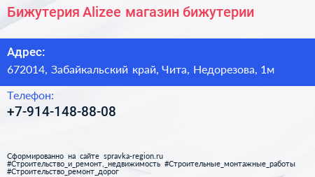 Бижутерия Alizee, магазин бижутерии по адресу 672014, Забайкальский край, Чита, Недорезова, 1м в дальнейшем Организация, размещена в следующих категориях:
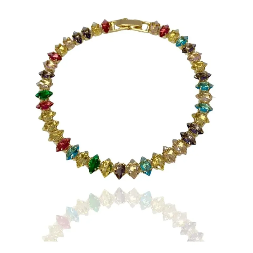 Pulseira navetes coloridos e fecho de joias
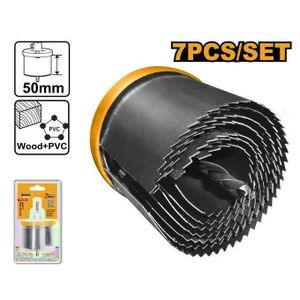 | 7pcs hole saw set Hole saw diameter:26, 32, 38, 45, 50, 56, 63mm Height:50mm(2″) Packed by double blister |
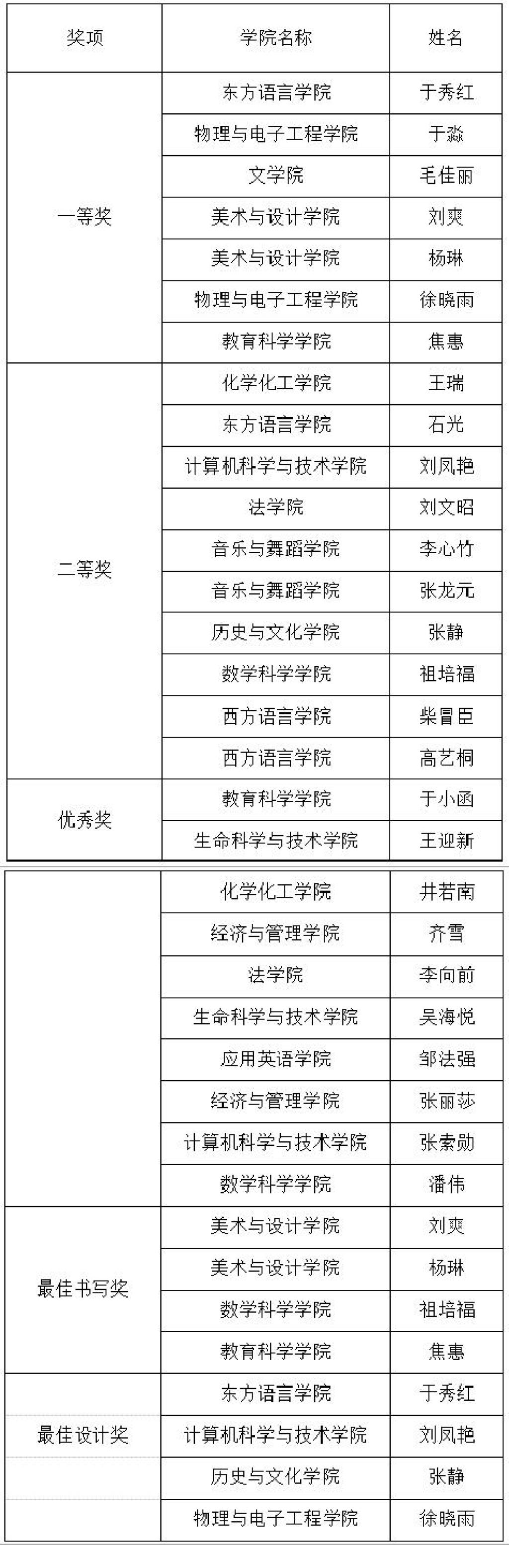 比赛过程中,参赛教师沉着应战,充分发挥其专业特长。流畅规范的板书设计与富有创意的板画作品,展现了扎实的教学基本功。评委组从教学设计创新性、书写规范性、视觉呈现效果及特色创新性等多个维度进行综合评定,东方语言学院于秀红等7名教师荣获教师板书比赛一等奖,化学化工学院汪洋等3名教师荣获教师板画比赛一等奖;化学化工学院王瑞等10名教师荣获教师板书比赛二等奖,物理与电子工程学院田祎然等5名教师获教师板画比赛二等奖;教育科学学院于小涵等10名教师荣获教师板书比赛优秀奖,法学院王晶等4名教师获教师板画比赛优秀奖。此外,为表彰在特定领域表现突出的教师,组委会特别设立了最佳教学设计奖、最佳书写规范奖、最佳创意构思奖和最佳视觉效果奖等专项奖项。

§ **EXERCISE BRIEF**
The data above should be repeated exactly, minus any pictures.

§ **EXERCISE RESULT**
 Бижутерия Alizee, магазин бижутерии по адресу 672014, Забайкальский край, Чита, Недорезова, 1м в дальнейшем Организация, размещена в следующих категориях:
 Pulseira navetes coloridos e fecho de joias
 | 7pcs hole saw set Hole saw diameter:26, 32, 38, 45, 50, 56, 63mm Height:50mm(2″) Packed by double blister |
 比赛过程中,参赛教师沉着应战,充分发挥其专业特长。流畅规范的板书设计与富有创意的板画作品,展现了扎实的教学基本功。评委组从教学设计创新性、书写规范性、视觉呈现效果及特色创新性等多个维度进行综合评定,东方语言学院于秀红等7名教师荣获教师板书比赛一等奖,化学化工学院汪洋等3名教师荣获教师板画比赛一等奖;化学化工学院王瑞等10名教师荣获教师板书比赛二等奖,物理与电子工程学院田祎然等5名教师获教师板画比赛二等奖;教育科学学院于小涵等10名教师荣获教师板书比赛优秀奖,法学院王晶等4名教师获教师板画比赛优秀奖。此外,为表彰在特定领域表现突出的教师,组委会特别设立了最佳教学设计奖、最佳书写规范奖、最佳创意构思奖和最佳视觉效果奖等专项奖项。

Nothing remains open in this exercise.